One reason is that the main beneficiaries of the proposed new 30 per cent and 40
per cent tax rates are high earners on incomes around $75,000, well above the
average full-time wage of $38,000. Just through the reductions in the 34 per
cent and 43 per cent rates to the new levels, a person on $100,000 gains $37 a
week, while someone on $30,000 gains only $8.

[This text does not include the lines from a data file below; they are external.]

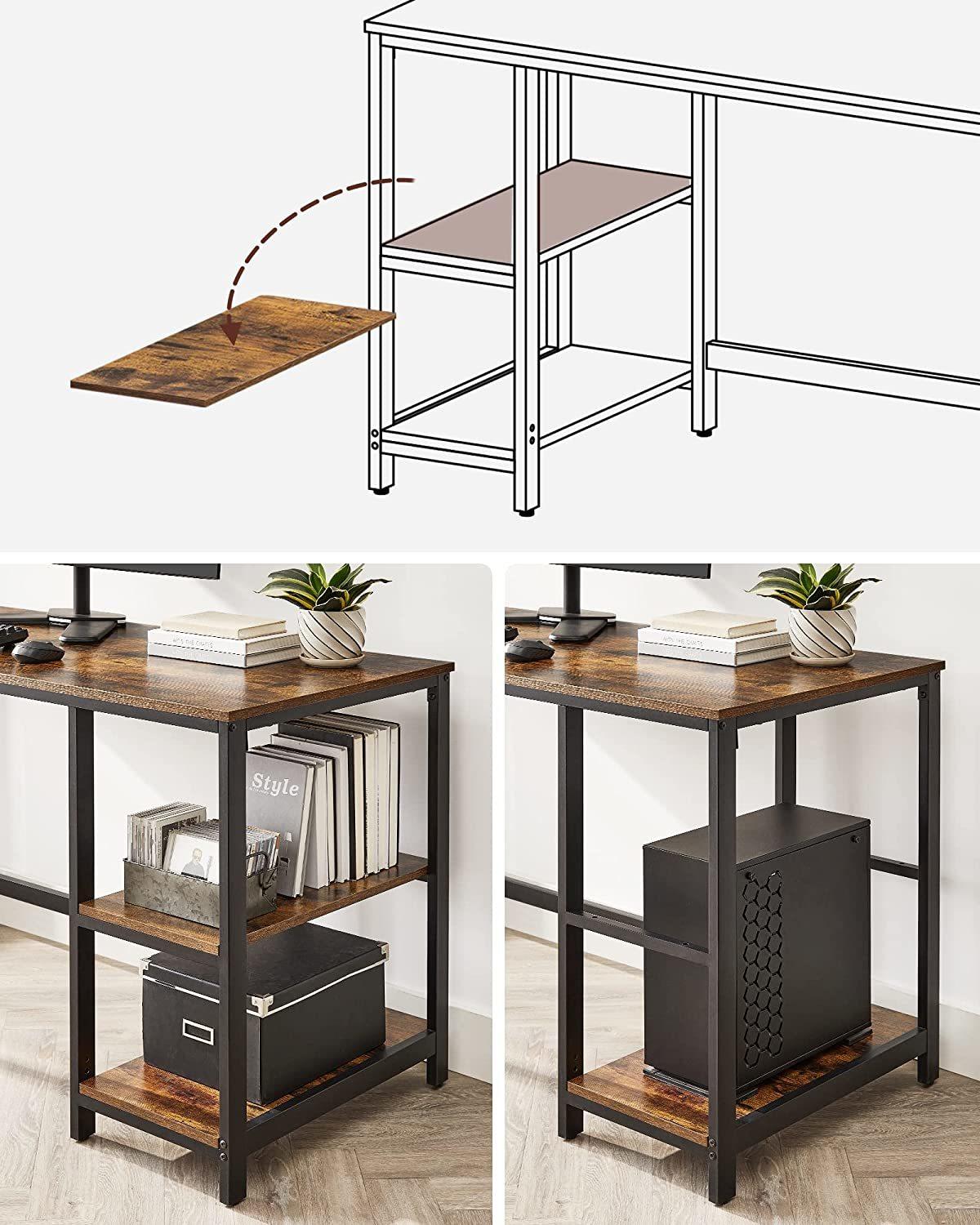 *VASAGLE Computer Desk with 2 Shelves – Rustic Brown** *CONFIDENT STYLE*This tasteful, industrial-style computer desk unifies rigid metal with dark, wooden boards for a unique display of delicate charm; you can work at this industrial desk with the confidence that you made the right choice for your home* *ALL IN REACH*With a *60D x 140W cm* desktop, this computer desk accommodates 2 computer monitors, a keyboard, and other office essentials while giving you enough workspace, keeping you productive when working from home* *STABLE FOR WORK*Say goodbye to annoyances – the thicker metal frame (1.2mm), reliable wooden boards, and adjustable feet work to ensure that your computer desk is stable and won't wobble with every stroke of your pen or button pressed on your keyboard* *ASSEMBLY MADE SIMPLE*Nobody wants to spend their entire Sunday afternoon assembling a writing desk; with easy-to-follow instructions and included assembly tools, you'll be typing away on this vintage desk before you know it* *100% SATISFACTION*VASAGLE provides you with professional customer service both before and after your purchase; don't wait any longer, add this to your home today* *Be productive in style*Let your desk look as good as your work with this industrial-style writing desk by VASAGLE. Place it in your office, study, living room, bedroom, or anywhere you want to be more productive. With a stable, thicker metal frame (1.2 mm) and durable wooden boards, this desk not only looks good but will last for years to come.* *Left or right, it's your choice*The computer desk comes with 2 shelves that can be assembled on the left side of the desk or the right, depending on your preference. Place your favourite books, decorations, or notes on the shelves for easy access. If you need room for a large computer tower, you can remove the top shelf for some extra space. Don't worry about the assembly process – our instructions are easy to follow and we include the assembly tools required to get the job done.If you love the look of this industrial-style writing desk, be sure to check out our other furniture in this series designed by VASAGLE.*Specifications** Colour: Rustic Brown, Black* Material: Particleboard, Steel* Product Size: 140 × 60 × 75 cm (L x W x H)* Product Weight: 28kg*Package Contents** 1 x Desk with Cupboard and Drawer* 1 x Accessory Kit* 1 x Instructions (EN, DE, FR, ES, IT)*VASAGLE Notes** Keep product away from fire sources.* Do not place any hot objects on the surface of the product.* Avoid long-term contact with water.* Keep product away from sharp objects.*WARRANTY:*Mighty Ape offers 1 Year Warranty. This warranty covers all manufacturing faults or defects. It does not cover wear, tear, or damage caused by use, accident, or failure to follow care instructions. The warranty is valid for 1 Year from the date of the order and is available to the original purchaser of the product only.*About Vasagle Furniture:*Nice-looking, well-made, and budget-friendly furniture is available for all families. Choose your favorites and reinvigorate your home with ease.
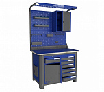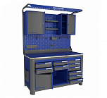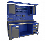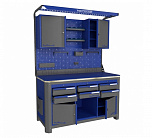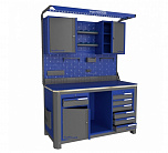 Нагрузка на столешницу 1500 кг. Столешница из листа влагостойкой фанеры марки ФСФ толщиной 40 мм и листом горячекатаной стали толщиной 5 мм. Рама верстака выполнена их холоднокатаной стали. Модуль верстака выполнен сварными. Ящики в модулях устанавливаются на шариковых телескопических направляющих полного выдвижения. Квадратная перфорация для установки крючков, держателей. Размеры: 1982x1493x743 мм
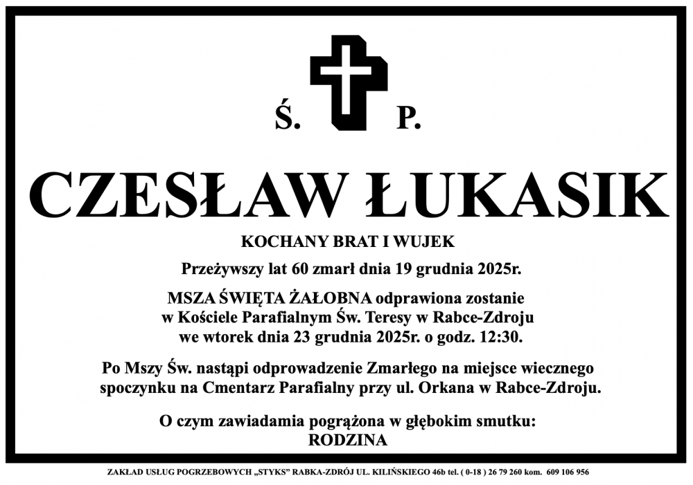 Czesław Łukasik - Nekrologi - podhale24.pl
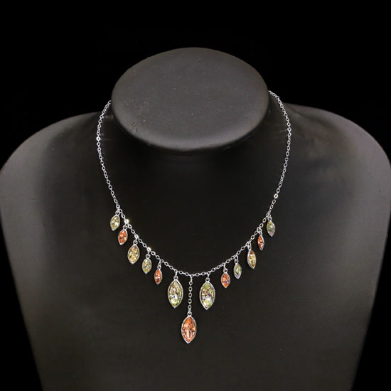 This is a necklace coming with delicate workmanship. The leaf-like pendants, made from multi-colored crystal glass, are beautifully suspended from the necklace. Spice up your summer outfit with this wonderful necklace.
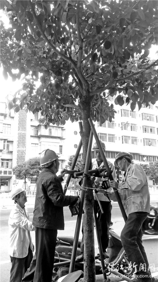 据了解,这些路树移栽过来时带根少、根系浅,为了防止树木在大风中倒伏,园林工人在栽种路树时都会给路树加上架子加以固定。随着路树逐年成长,树径增粗,园林工人每年春末夏初都会给路树“解套”松绑。
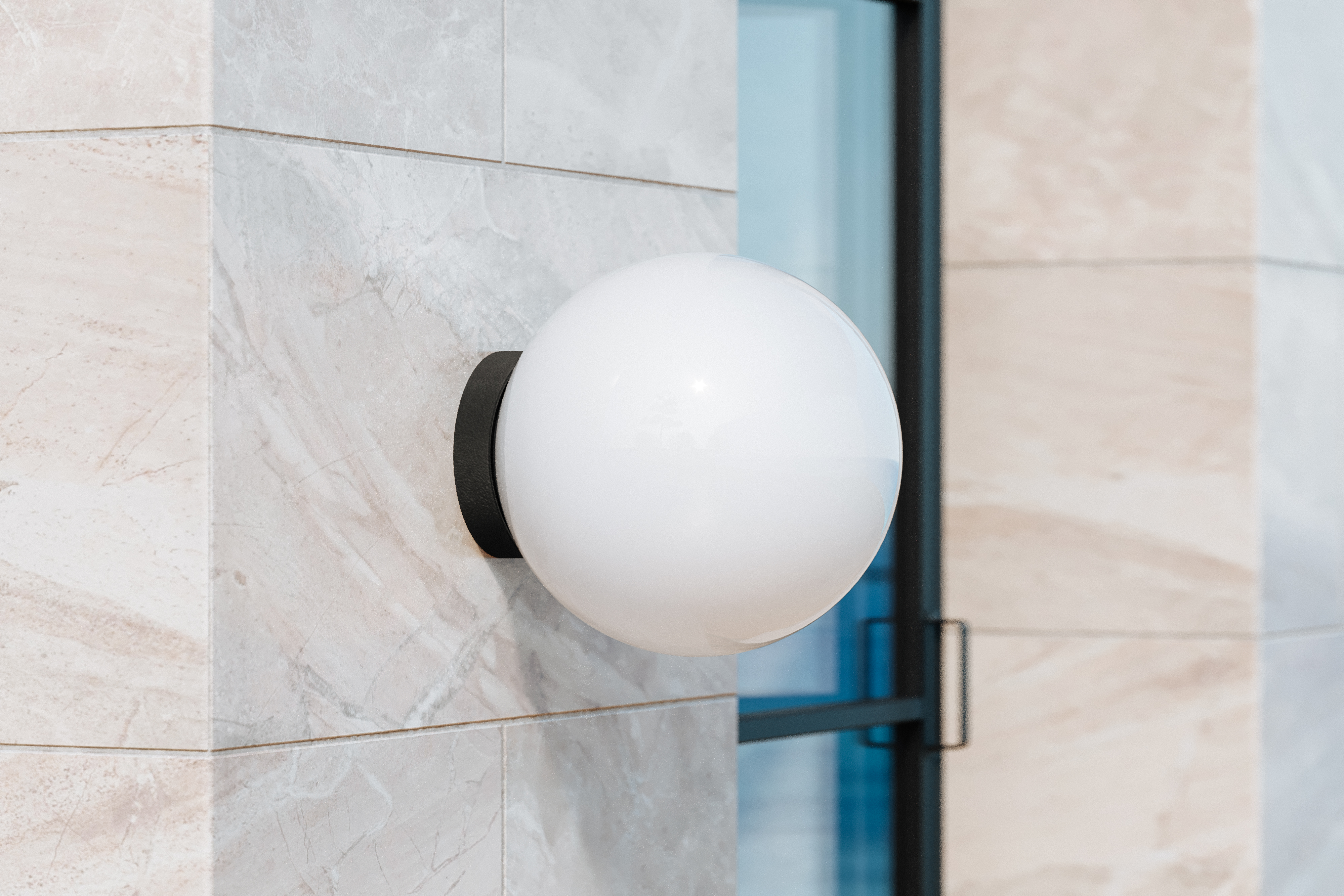 This highly usable fixture can be mounted on the wall or ceiling, indoors or out. With a backplate that nearly disappears from view when mounted, Ansel appears to float in midair. The textured black finish and opal shiny glass globe create a simple, elegant design that pairs with any style.
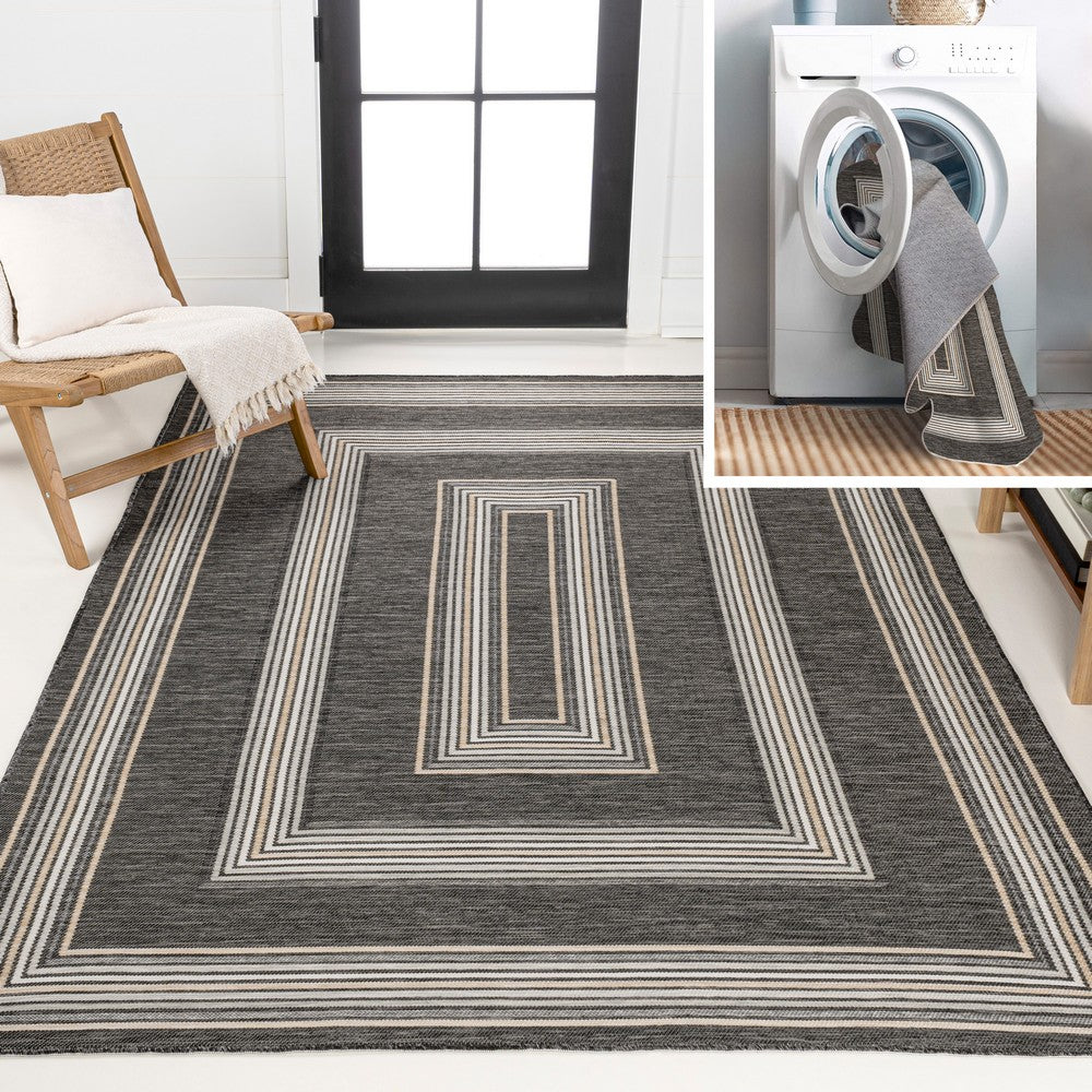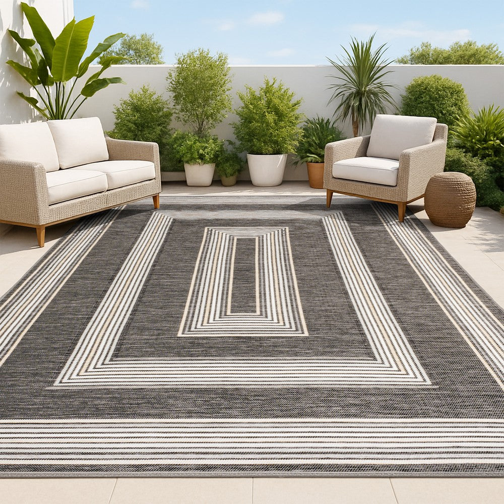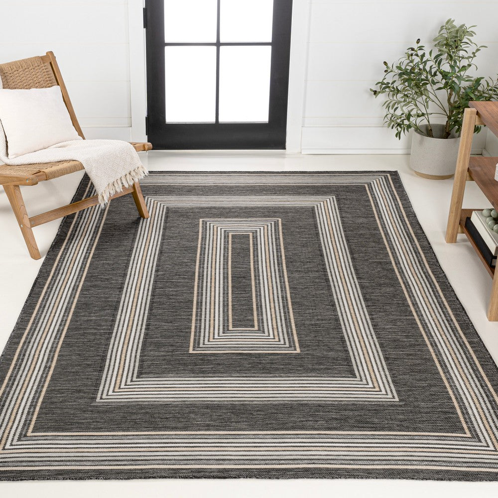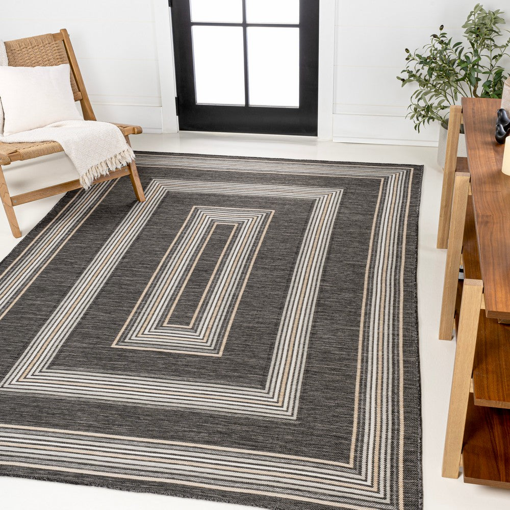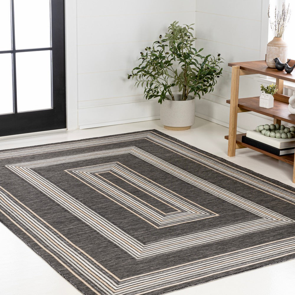 Inspired by nautical stripes, this classic rug features a ticking-style stripe with mitred corners. Mingled threads give this easy-care, reversible rug a coastal vibe. Durable enough for outdoors on a porch, or in the living room, entry, bedroom or dining room.

Even if most ordinary Australians are not worse off overall under a GST, they
will gain much less than higher earners.

Some argue that growing inequality matters little as long as most people are not
poorer for the changes. But as affluent Australians lose touch with the rest of
the community, and retreat into lifestyles quite different from the average,
inequality becomes a self-reinforcing phenomenon. When the affluent can avoid
contact with the downwardly mobile through avoiding public transport, public
schools, public hospitals, and so on, they also withdraw their willingness to
fund these services.

At a time when global economic forces have exacerbated inequalities, governments
should not be aiding and abetting the trend. In the area of tax, governments are
not powerless. But the Australian Government is redistributing income in the
wrong way.

At the very least the compensation package needs to be revised, and not just for
pen-sioners. Any Harradine-inspired generosity from the Government must be
extended to the unemployed and the other less politically powerful groups in
particular danger of being screwed under a GST.